---- RECORDS SUPPLIED

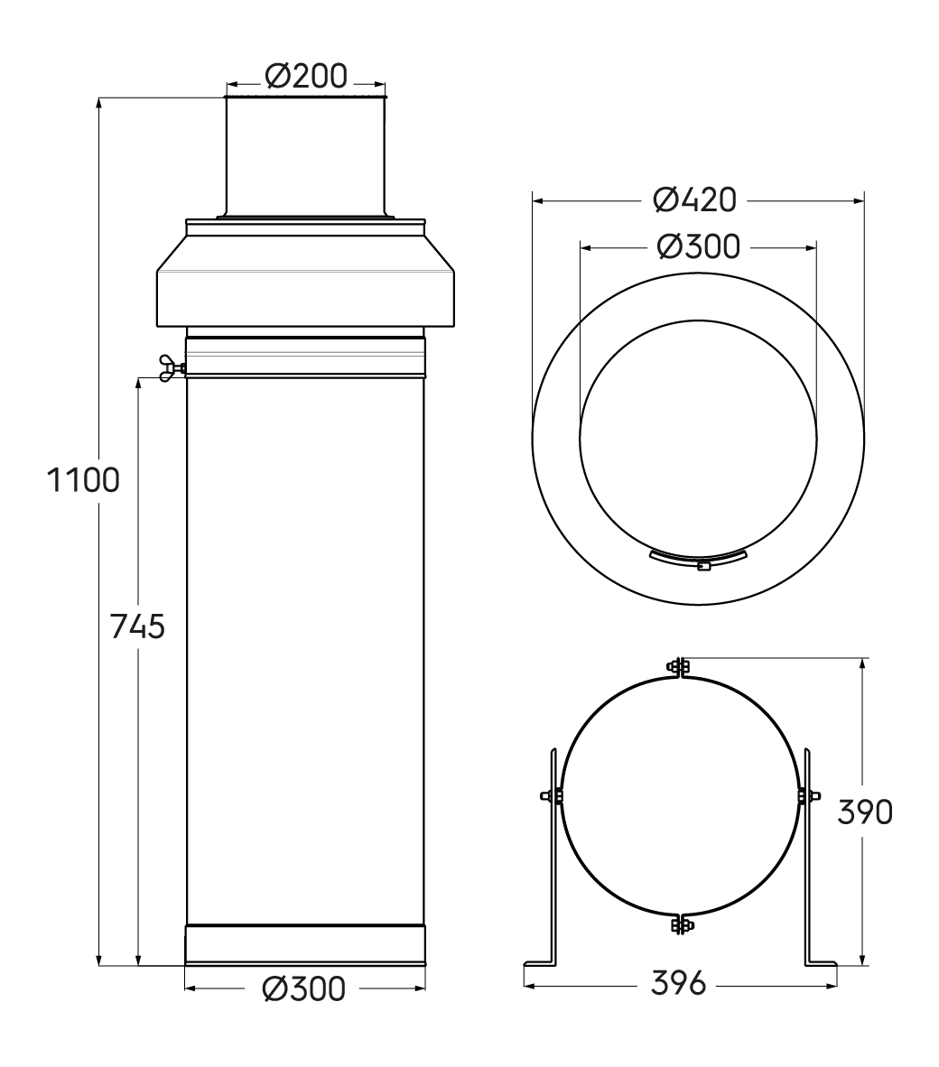 Kit toiture pour système Rolux 3CEp Condensation Concentrique en 200/300 comprenant tous les éléments pour se raccorder au terminal noir avec entraxe dernier piquage à solin de 1500.
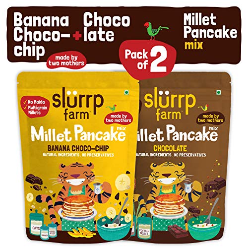 Slurrp Farm No Maida Macaroni Pasta | Gluten Free & Multigrain | Healthy Pasta made with Brown Rice and Corn | 400gContains No Maida/Wheat No Transfats No Preservatives and No Artificial Flavours. Made with Brown Rice and Corn which are a great source of dietary fibre B-vitamins and essential fatty acids. 100% vegan and gluten free. Low fat with less than 2g per 100g of servings. Just boil for 7-8 minutes toss in a pan with your choice of sauce and your favourite veggies. Made by two mothers for everyone in the family.Slurrp Farm Instant Breakfast Millet Pancake Mix Banana Choco-Chip Supergrains And Chocolate Natural And Healthy Food 100% Vegetarian Eggless Healthy Breakfast for Kids & Adults150g (Pack Of 2)At slurp farm we make honest and healthy food just like you would at home. So this pancake mix has no preservatives artificial flavours and no colours. It is filled with the goodness of ragi foxtail millet and cocoa. Based on traditional pancake recipes from our family kitchen! Made by two mothers for you and your children.
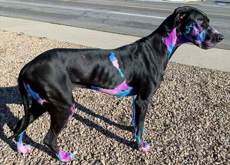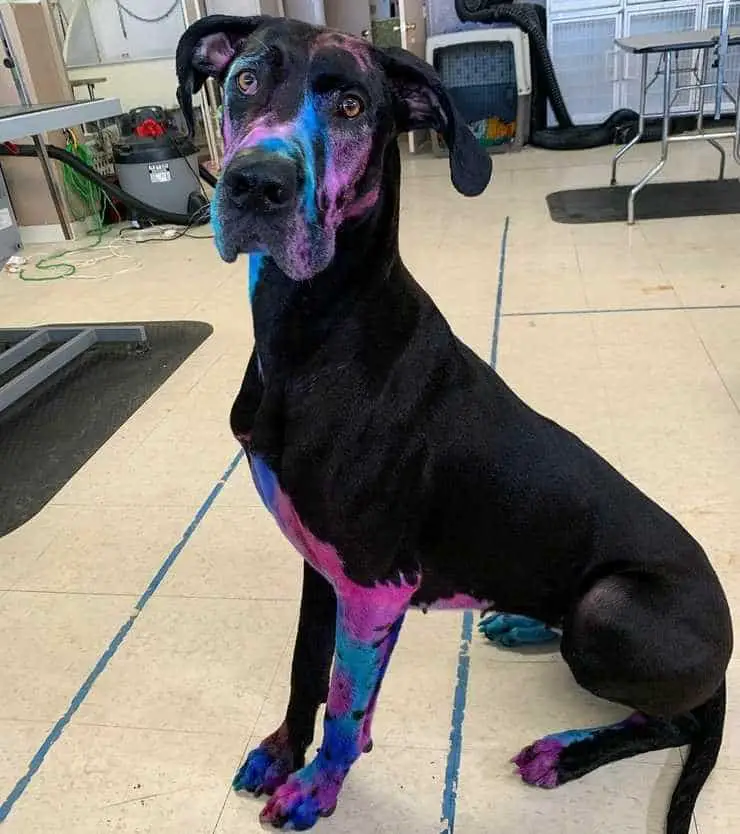 Un peluquero decidió teñir a su perro con colores vegetales para hacerlo más amigable dado su enorme tamaño y reveló que muchas personas al verlo le preguntaron si el perro era de una nueva raza derivada de una cría selectiva a lo que ella respondía que sí. él es un Galaxy Dane.
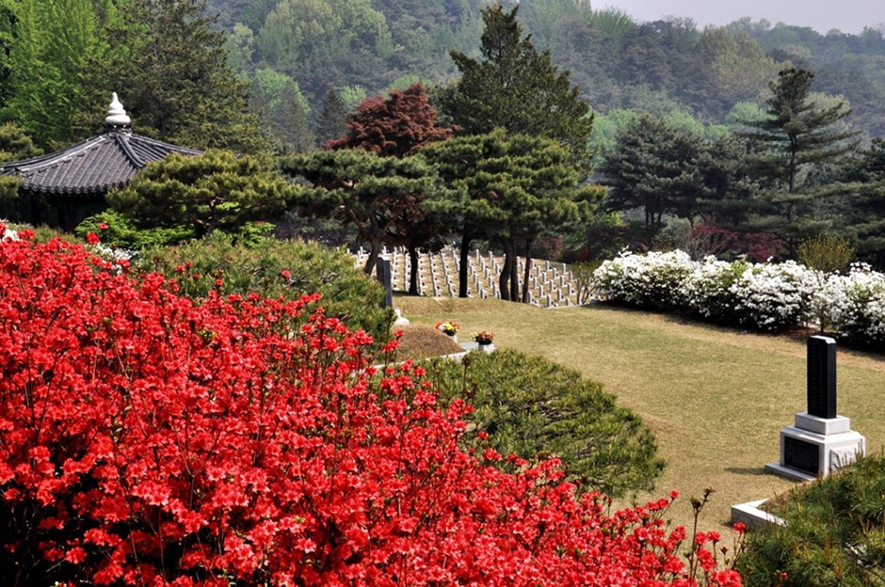 얼마전까지 흐드러지게 피었던 벚꽃은 어느덧 꽃비 되어 떨어지고 화사한 철쭉꽃이 호국영령들의 권역을 아름답게
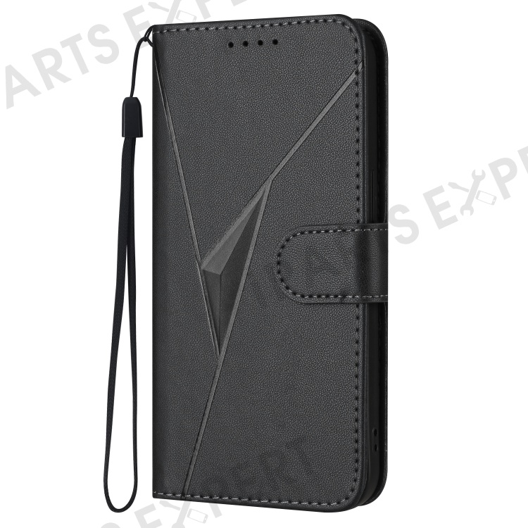 YX0090 For Samsung Galaxy S25+ Case Triangle Imprint Leather Phone Cover with Lanyard - Black

--------

YOUR GOAL:
Would you transcribe the listing above line by line, exactly, leaving every picture out?

WORKED SOLUTION:
 Kit toiture pour système Rolux 3CEp Condensation Concentrique en 200/300 comprenant tous les éléments pour se raccorder au terminal noir avec entraxe dernier piquage à solin de 1500.
 Slurrp Farm No Maida Macaroni Pasta | Gluten Free & Multigrain | Healthy Pasta made with Brown Rice and Corn | 400gContains No Maida/Wheat No Transfats No Preservatives and No Artificial Flavours. Made with Brown Rice and Corn which are a great source of dietary fibre B-vitamins and essential fatty acids. 100% vegan and gluten free. Low fat with less than 2g per 100g of servings. Just boil for 7-8 minutes toss in a pan with your choice of sauce and your favourite veggies. Made by two mothers for everyone in the family.Slurrp Farm Instant Breakfast Millet Pancake Mix Banana Choco-Chip Supergrains And Chocolate Natural And Healthy Food 100% Vegetarian Eggless Healthy Breakfast for Kids & Adults150g (Pack Of 2)At slurp farm we make honest and healthy food just like you would at home. So this pancake mix has no preservatives artificial flavours and no colours. It is filled with the goodness of ragi foxtail millet and cocoa. Based on traditional pancake recipes from our family kitchen! Made by two mothers for you and your children.
 Un peluquero decidió teñir a su perro con colores vegetales para hacerlo más amigable dado su enorme tamaño y reveló que muchas personas al verlo le preguntaron si el perro era de una nueva raza derivada de una cría selectiva a lo que ella respondía que sí. él es un Galaxy Dane.
 얼마전까지 흐드러지게 피었던 벚꽃은 어느덧 꽃비 되어 떨어지고 화사한 철쭉꽃이 호국영령들의 권역을 아름답게
 YX0090 For Samsung Galaxy S25+ Case Triangle Imprint Leather Phone Cover with Lanyard - Black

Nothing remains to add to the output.